Even after your body is full, you still want more. You’ll only end up feeling sorry for eating so late if you haven’t had anything to eat in a while. We’ve all been there and will again in some manner; this desire to snack after smoking isn’t entirely your fault. In this part, we’ll examine why marijuana makes you hungry and why you get the munchies afterward. Looking to try something new? Check out this.
Why Do I Feel Hungry?
Cannabis contains two major compounds: cannabidiol (CBD) and tetrahydrocannabinol (THC). THC is the most psychotropic component in cannabis, and it’s thought to be responsible for the munchies. According to experts, there are two possible explanations for this.
Finding receptors in the body is the first stage in administering a medication. “THC interacts with receptors located throughout our central nervous system, notably the brain and areas of the brain that control hunger,” Rachna Patel, MD adds. THC activates your appetite whether you’re hungry or not.
According to Dr. Gary Wenk, a psychology and neuroscience professor at Ohio’s University of Akron and academic research representative for the state’s Medical Marijuana Advisory Board, marijuana has the ability to produce ghrelin. You might be feeling hungry due to marijuana’s impact on a hormone produced by your stomach known as ghrelin. This hormone instructs the brain that you are hungry and stimulates your appetite. According to Dr. Gary Wenk, PhD, a psychology and neuroscience professor at The University of Akron and academic research representative for the state of Ohio’s Medical Marijuana Advisory Board, cannabis has the potential to create ghrelin.
How Much Will I Want To Eat?
The amount of marijuana you consumed, as well as how you smoked it, has an influence on your hunger. When you smoke a joint, the THC level in your blood rises significantly, triggering increased hunger than if you ate an edible. Because edibles have to be digested before they can be absorbed into the system, whatever food is already in your stomach will delay the absorption of THC until it reaches the brain. Inhaling takes 5-10 minutes to take effect; eating takes up to 2 hours.

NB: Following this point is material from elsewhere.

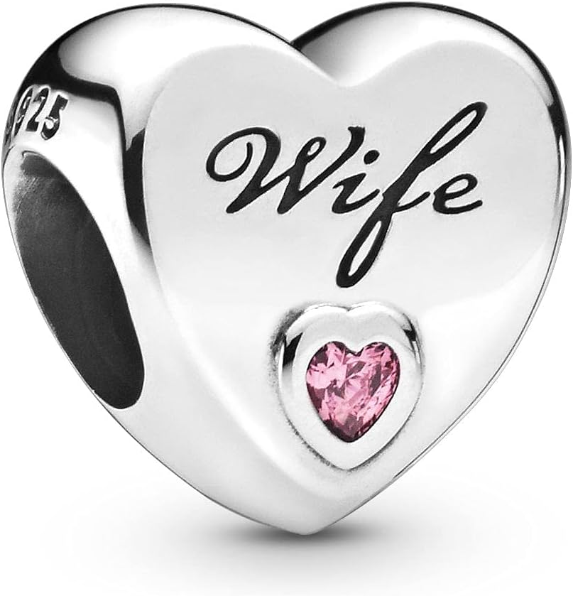 احتفل بنصفك الآخر مع هذه القطعة الساحرة من الفضة الإسترلينية من مجموعة Pandora Moments دع الآخرين المهمين يعرفون مدى نعومها بإهدائها سحر الحب على شكل قلب مع الكريستال الوردي على شكل قلب والنقوش الجميل الذي يقول ببساطة 'Wifee. مع هذا التحفيز الجديد على سحر التفاني، يمكنك التأكد من أنك ستكون جوهرة خاصة حقًا في مجموعة باندورا الساحرية.

There’s a method to control how much THC you consume if you’re trying to reduce your appetite. The quantities of CBD and THC in various items sold at state-licensed dispensaries are laboratory-tested and labeled, according to Patel. “You must determine an appropriate quantity of THC for yourself,” she added. “You want to find the balance between the amount that delivers you the desired results without giving you the munchies.”
Why Does Marijuana Make You Hungry?
When it comes to why does marijuana make you hungry, there are a number of bodily systems that interact with cannabis and offer reasons for this. This is due to the many cannabinoids in cannabis, which influence the brain. When our bodies are full, neurons in our brains send waiting messages telling us we’re full, but when we smoke marijuana, those neurons begin to operate in reverse and encourage hunger rather than preventing overindulging. THC binds to natural cannabinoid receptors in our brain known as CB1s, which are found in the olfactory bulb. This is the portion of the brain that allows us to smell smells like food aromas and taste them. When we eat cannabis, our brains pay more attention to odors and tastes, increasing those emotions while also making things appear and smell a lot better than they actually are, leading people to become ravenous when they get high.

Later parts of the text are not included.